[Opening Listed entries section]

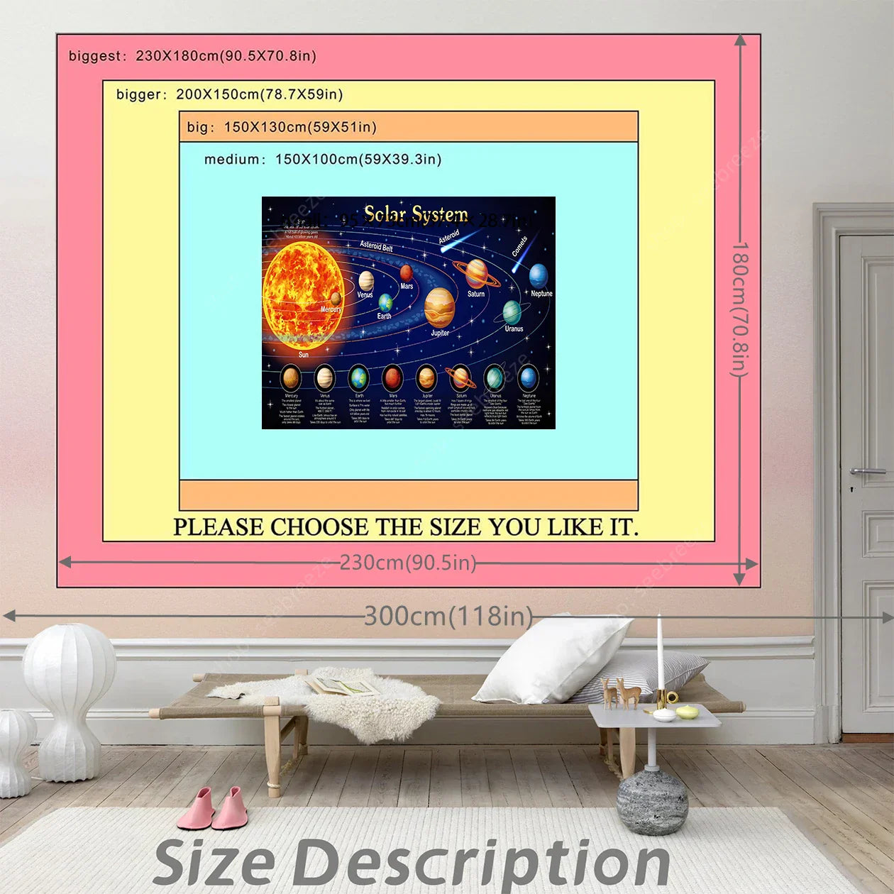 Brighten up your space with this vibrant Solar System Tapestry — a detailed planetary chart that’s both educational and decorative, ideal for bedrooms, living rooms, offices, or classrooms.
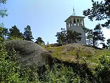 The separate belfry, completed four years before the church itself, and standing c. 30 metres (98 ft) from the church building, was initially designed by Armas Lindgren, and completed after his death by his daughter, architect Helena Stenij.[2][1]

[Closing Listed entries section]
[Opening Listed entries section]

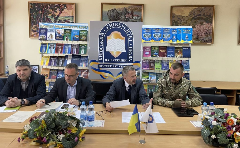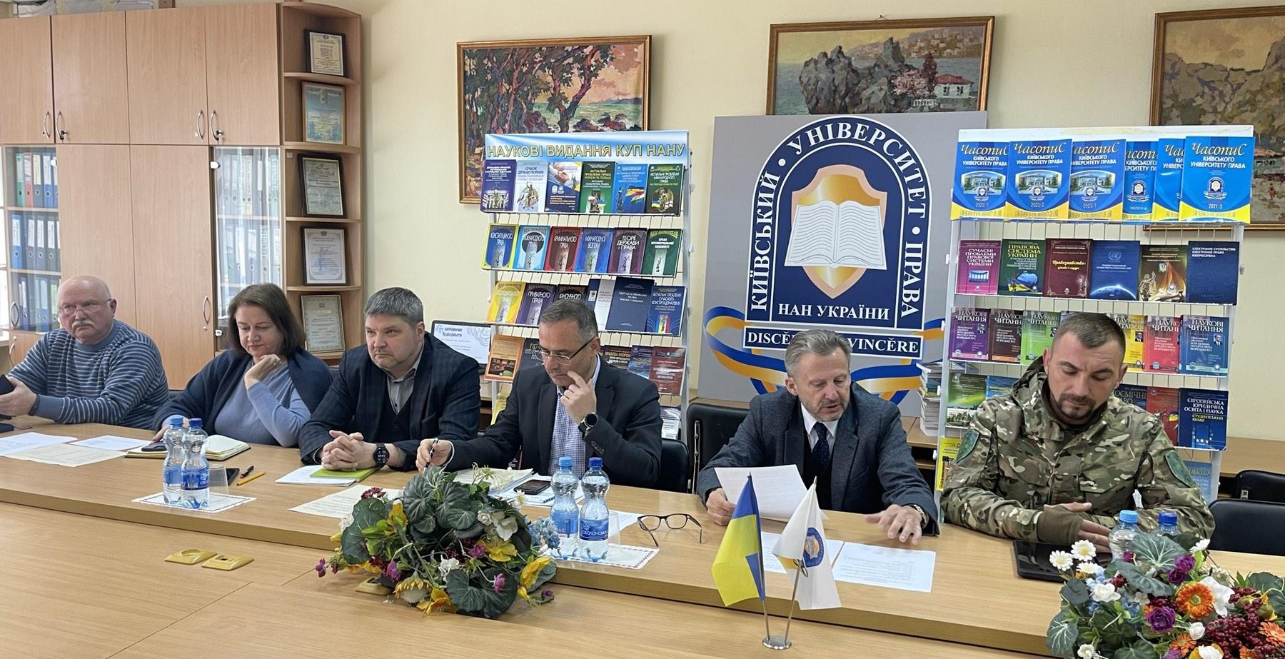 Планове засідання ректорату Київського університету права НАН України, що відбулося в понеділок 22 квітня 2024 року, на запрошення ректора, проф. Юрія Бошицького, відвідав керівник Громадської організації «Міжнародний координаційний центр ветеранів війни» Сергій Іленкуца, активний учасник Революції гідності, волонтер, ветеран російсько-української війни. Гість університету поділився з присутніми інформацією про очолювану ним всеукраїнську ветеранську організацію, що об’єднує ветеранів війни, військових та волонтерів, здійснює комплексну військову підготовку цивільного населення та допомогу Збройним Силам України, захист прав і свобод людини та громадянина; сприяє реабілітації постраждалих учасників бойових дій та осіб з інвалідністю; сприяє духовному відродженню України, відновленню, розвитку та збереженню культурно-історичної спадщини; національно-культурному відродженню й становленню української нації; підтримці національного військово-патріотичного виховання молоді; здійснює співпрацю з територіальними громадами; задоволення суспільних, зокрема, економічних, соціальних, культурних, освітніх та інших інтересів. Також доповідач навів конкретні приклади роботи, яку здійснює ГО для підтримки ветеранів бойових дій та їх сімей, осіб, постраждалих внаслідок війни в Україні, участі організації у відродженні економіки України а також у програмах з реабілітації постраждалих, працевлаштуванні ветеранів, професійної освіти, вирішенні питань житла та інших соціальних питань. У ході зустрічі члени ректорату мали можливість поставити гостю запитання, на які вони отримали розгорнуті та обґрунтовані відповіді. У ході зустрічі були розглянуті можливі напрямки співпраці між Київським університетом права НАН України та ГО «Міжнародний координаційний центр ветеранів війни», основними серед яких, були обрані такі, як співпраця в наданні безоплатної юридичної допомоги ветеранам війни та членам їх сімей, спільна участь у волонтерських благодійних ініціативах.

[Closing Listed entries section]

Reproduce the data above exactly, but only from the line containing "Brighten up your" through the line containing "The separate belfry, completed"; skip the pictures.

- **Worked solution**:
 Brighten up your space with this vibrant Solar System Tapestry — a detailed planetary chart that’s both educational and decorative, ideal for bedrooms, living rooms, offices, or classrooms.
 The separate belfry, completed four years before the church itself, and standing c. 30 metres (98 ft) from the church building, was initially designed by Armas Lindgren, and completed after his death by his daughter, architect Helena Stenij.[2][1]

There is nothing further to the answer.